# Music Composer from Italy



## Andrea Bonini (Jan 9, 2009)

Hi, 
my name is Andrea Bonini, 27, and I'm a music composer from Italy.
I write music for film, commercials, jingles and tunes for TV.
Sometimes, but very rarely, I do also sound design.
I play piano and guitar; my favourite composers are James Newton Howard, Clint Mansell, Ennio Morricone, John Williams, Gustavo Santaolalla, Danny Elfman. I like different things .
I'm glad to meet you, to meet people with talent that loves to write music for film.
Thank you.
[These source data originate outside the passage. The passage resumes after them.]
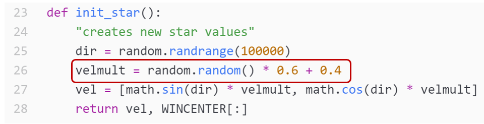 From line 23 to 28, the program defines a method called “init_star()”. This function is used to generate two random values through random module. One random value is “dir”, and the other is “velmult”. They work together to generate list “vel”, which represents the velocity in y and x direction, respectively.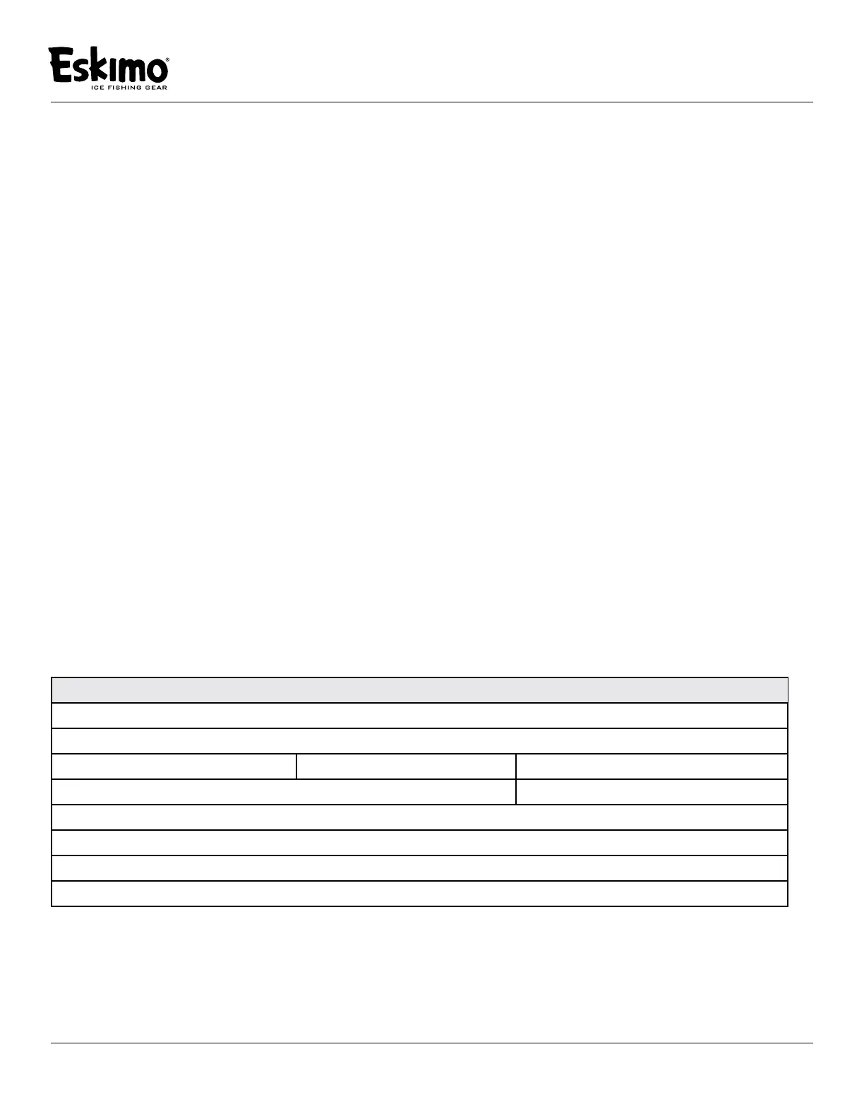 for purchasing an Eskimo® Power Ice Auger from Ardisam, Inc. We have worked to ensure that the ice auger meets high standards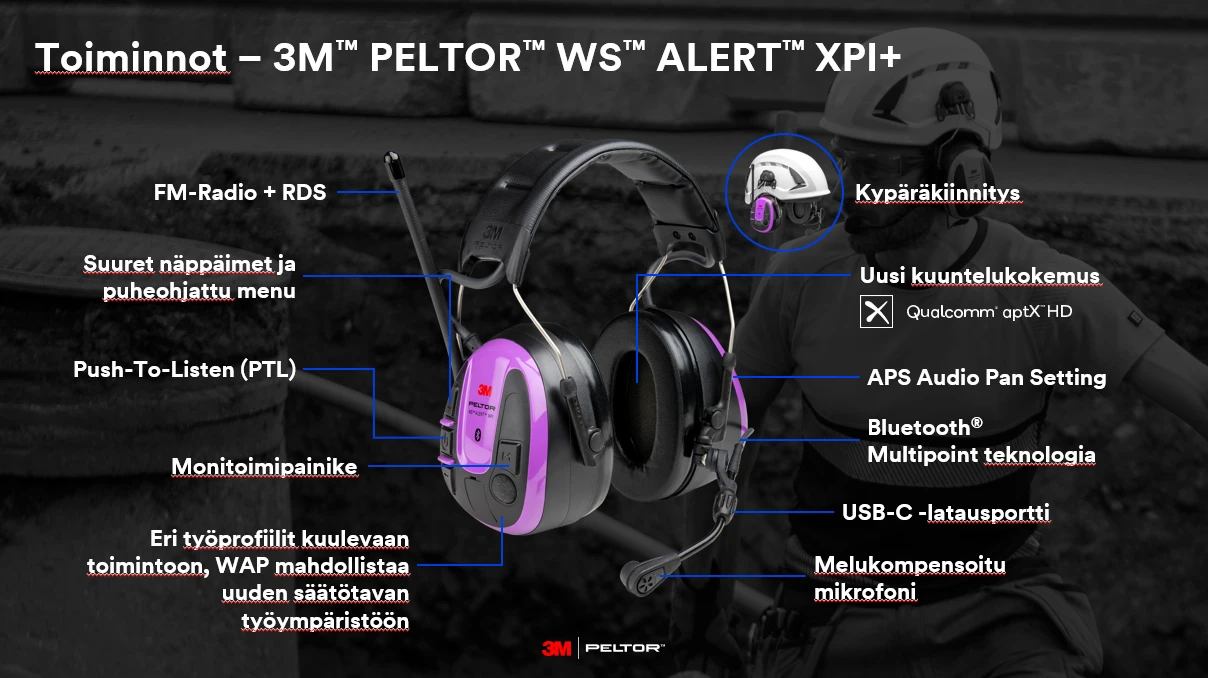 Uusi 3M Peltor WS Alert XPI+ kypäräkiinnityksellä on päivitetty malli edeltäjästään WS Alert XPI, joka tarjoaa uusia ominaisuuksia sekä tyylikkäät lilanväriset kupuosat ja päälakisangan. Kuulonsuojaimissa on sisäänrakennettu litiumioniakku, joka ladataan kätevästi USB-C-liitännän kautta. Huom! USB-C-latauskaapeli ei sisälly pakkaukseen.
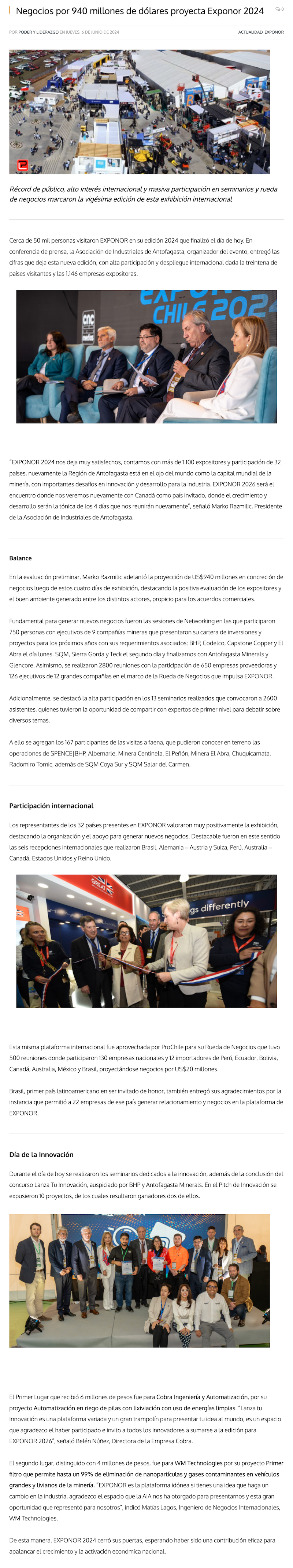 Negocios por US$940 millones proyecta Exponor 2024 - (timeline)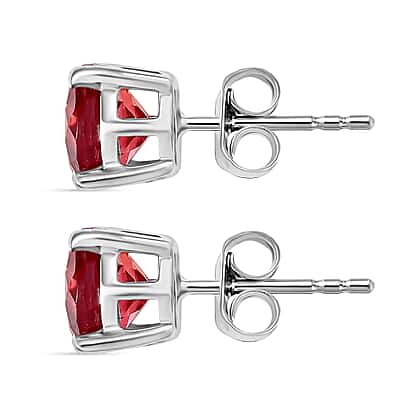 D'Joy Lab Grown Padparadscha Sapphire Solitaire Stud Push Post Earring in Platinum Overlay Sterling Silver 3.72 Ct.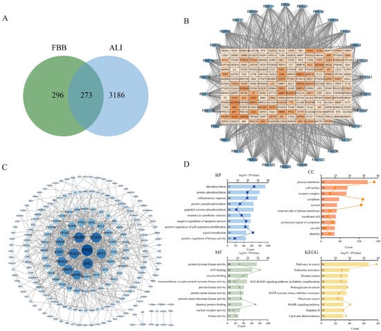 Network pharmacology analysis revealed the multi-target mechanisms of FBB in combating ALI. (A) A Venn diagram illustrated the overlap between potential FBB targets (n = 569) and ALI-associated genes (n = 3459), identifying 273 shared targets for further investigation. (B) The ‘Compound-Target’ interaction network highlighted 30 core flavonoid components (blue ellipses) with the highest degree values and their related ALI targets (red squares). The darkness of the nodes denoted their degree value. (C) Protein–protein interaction analysis of the 273 overlapping targets showed that darker and larger nodes indicated a higher index. (D) Functional enrichment analysis of these overlapping targets revealed the top significantly enriched GO terms and KEGG pathways, screened by a p-value < 0.05. The bar length represented enrichment significance (−log10(p-value)).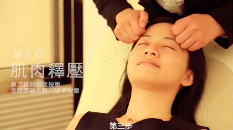 雙手握拳,以指結按壓眼尾到太陽穴的c zone區域,放鬆眼周肌肉。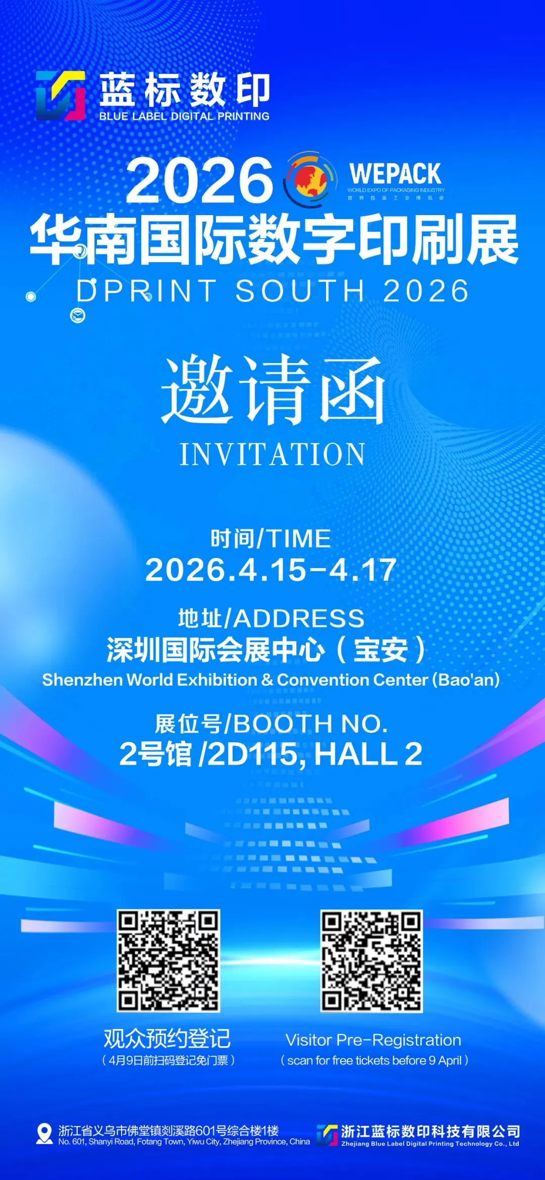 继3月广州标签展后,浙江蓝标数印科技有限公司(以下简称“蓝标数印”)马不停蹄,即将携重磅升级的数码标签解决方案,亮相2026年4月15日-17日在深圳国际会展中心(宝安新馆)举办的2026华南国际数字印刷技术展(DPrint)暨华南国际新标签技术展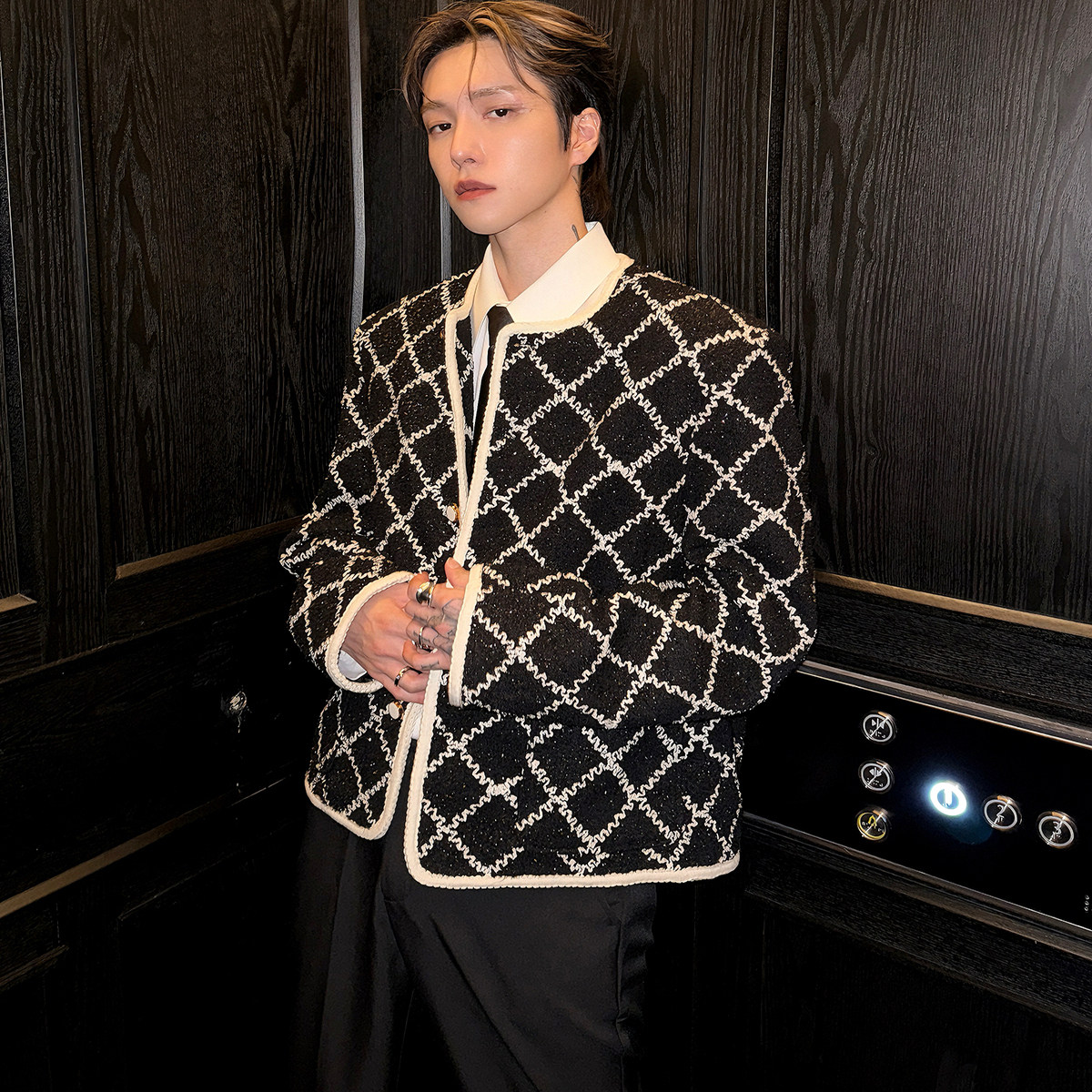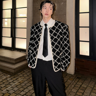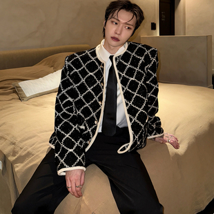 短款 子上男装 高级感菱形格小香风外套男款 秋季 夹克上衣 2025新款

Ciao!


----------



## TheoKrueger (Jan 9, 2009)

Hello Andrea! It is a pleasure to meet you and nice to have you here! enjoy your stay


----------



## lux (Jan 10, 2009)

Benvenuto su Vi Control Andrea

Luca


----------



## Frederick Russ (Jan 10, 2009)

Welcome to VI Andrea!


----------



## ALPRAS (Jan 24, 2009)

Hello Andrea! 
I want to be a game/movie songs composer just like you!
I play piano and guitar and I also love your favorite composers!
Im a cmposer since my 10 years (Im 17 right now) and I really want to know all the tips to get this job. Do you think you can give a tip?
Good bye and welcome!


----------